Al “Verdi”, due grandiosi Lo Cascio e Rubini portano in scena la cupa storia di Dracula, che fu l’ultimo vero capolavoro della letteratura gotica.
BRINDISI – Non c’era spettacolo migliore del “Dracula” portato in scena da Luigi Lo Cascio e Sergio Rubini, per far materializzare sul palco quelle magiche trasformazioni del mondo che danno il titolo all’attuale stagione del “Nuovo Teatro Verdi”. La natura metafisica dell’esistenza e di ciò che la porta via, la morte, avviluppano i protagonisti di questa storia “succhiando” via la loro anima esattamente come Dracula – essere misterioso che rimane effettivamente celato per buona parte della storia – succhia il sangue per poter sopravvivere.
Alla fine, tutti saranno trasformati, in primo luogo il giovane protagonista Jonathan Harker, interpretato da un gigantesco e ipnotizzante Luigi Lo Cascio. Trasformati nell’anima, si intende, nella psiche, nel modo di vedere le cose. D’altronde sono proprio la psicologia e il percorso di Harker che Sergio Rubini e Carla Cavalluzzi hanno voluto mettere a fuoco adattando per il teatro un romanzo in cui i protagonisti sparivano letteralmente dietro la storia e venivano quasi vampirizzati dalla più imponente figura di Dracula. Qui, a teatro, succede esattamente il contrario. Dracula c’è ma all’inizio non si vede, Dracula è una presenza-assenza, è un non personaggio, è una metafora della morte, dell’ignoto, di ciò che non conosciamo del mondo e di noi stessi.

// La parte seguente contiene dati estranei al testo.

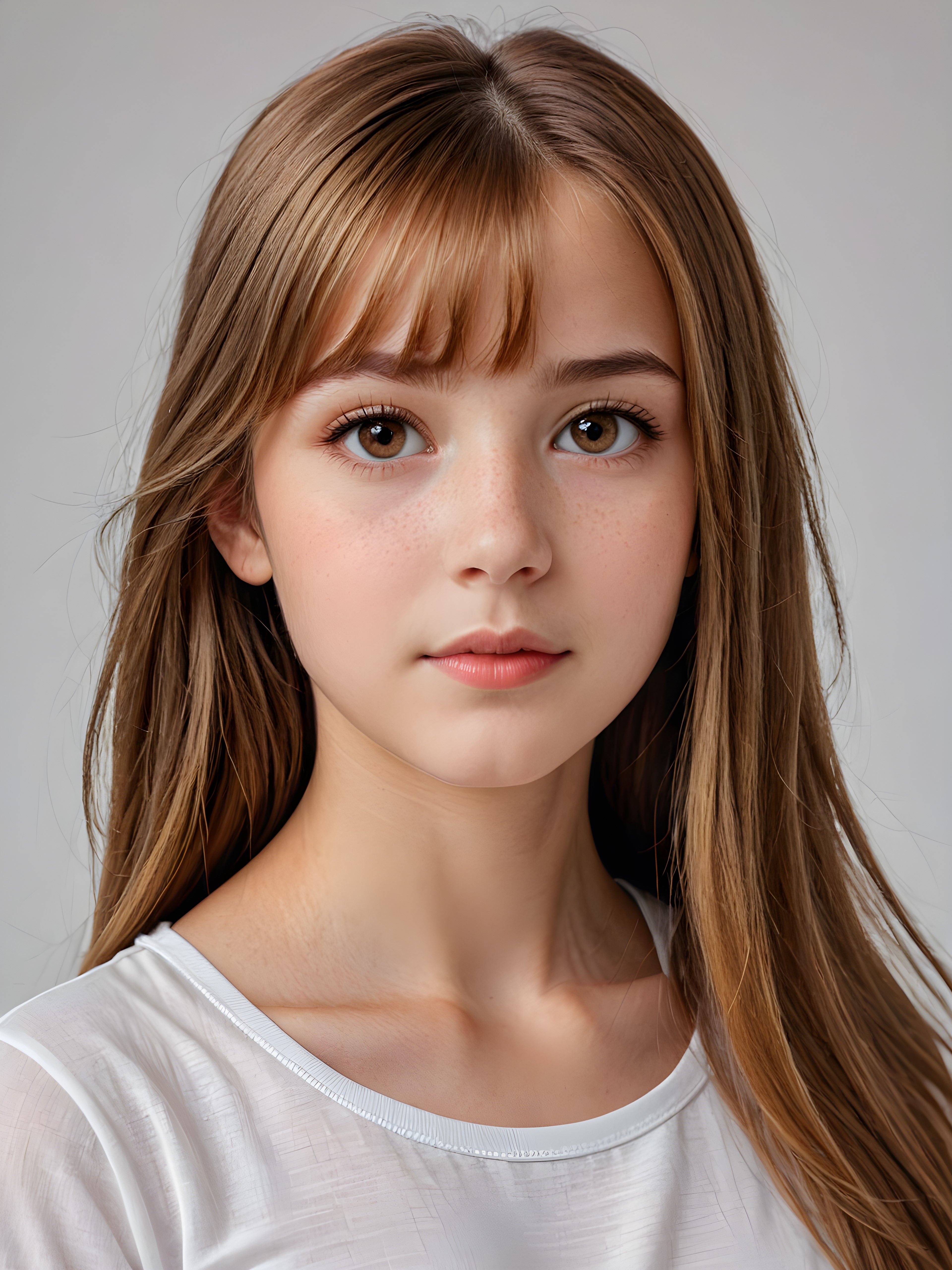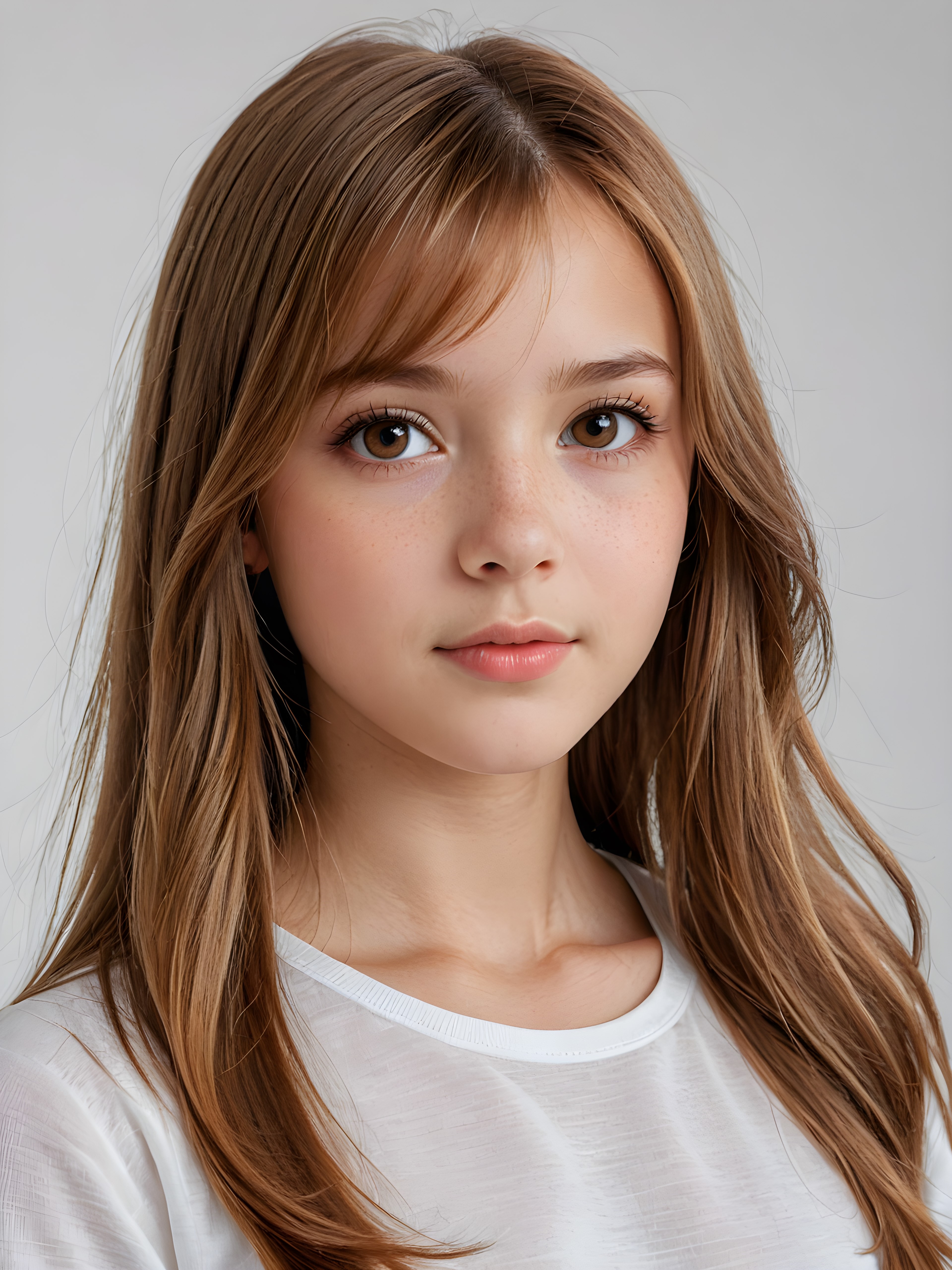 ((detailed, realistic)) ((portrait)) of (((cute and gorgeous))) ((long, straight brown hair)) ((stunning)) a beautifully ((teen girl)), 15 years old, bangs cut, angelic round face, ((hazelnut eye)) looks at the camera, perfect curved body, (wears a super short tight (white tank top) made on thin silk), perfect anatomy, white background, side view, ((no background)), cinematic dimmed light

Quando veniamo messi di fronte ai nostri limiti, alla nostra incredulità, cresciamo, come Harker che invecchia improvvisamente diventando canuto. Allo stesso tempo, oltre a spaventarci, l’ignoto, la morte in questo caso, diventa qualcosa di incredibilmente seduttivo, seducente, quasi erotico e cattura, confonde, stana lati oscuri dell’uomo, svela l’inconscio. Dracula, quando finalmente appare in scena e diventa un personaggio, non parla mai una lingua comprensibile né ai protagonisti in scena né al pubblico in sala, un artificio narrativo utile a tracciare la linea tra il compreso e il non comprensibile: l’incomprensibilità, la diversità fanno paura. Dracula è un mostro per tutti. Ma è anche un personaggio tragico, afflitto, dolente perché non può avere quello che vorrebbe più di ogni altra cosa: l’amore degli altri; seduce ma non è amato, morde il collo delle sue vittime cercandone il sangue, cercandone la vita perché lui è la morte e quindi l’anti-vita, rende le sue vittime esseri seduttivi ma infelici esattamente come lui.
Ad accompagnare Harker-Lo Cascio in questo quasi dantesco viaggio al centro del male, un magnifico Sergio Rubini che interpreta il professor Van Helsing; è lui ad incarnare la guida verso l’inconscio, una sorta di psicanalista ante-litteram che cerca di colmare la separazione netta tra chi sa e chi non capisce e a riequilibrare l’eterno conflitto tra scienza e superstizione. “Io voglio che voi crediate.”, dice Rubini ad un certo punto. “A cosa?”, gli rispondono. “A cose in cui non è possibile credere.“
Uno spettacolo ipnotico, destabilizzante, che accompagna lo spettatore nell’inferno dell’ignoto insieme ai suoi personaggi. Un intenso intreccio di eventi, scanditi dai viaggi lungo i luoghi della storia che rappresentano un metaforico viaggio dentro noi stessi. Attori in stato di grazia, messa in scena cupa, nel pieno rispetto della tradizione gotica a cui attinge la storia.
E alla fine, quando tutto sembra avviato verso il lieto fine, un porta si apre e un vento soprannaturale irrompe sulla scena e raggiunge anche gli spettatori. Per ricordare che, ormai, la trasformazione è avvenuta. Per i personaggi, che faranno i conti per sempre con gli eventi straordinari loro successi. Per noi, che ora crediamo anche all’impossibile.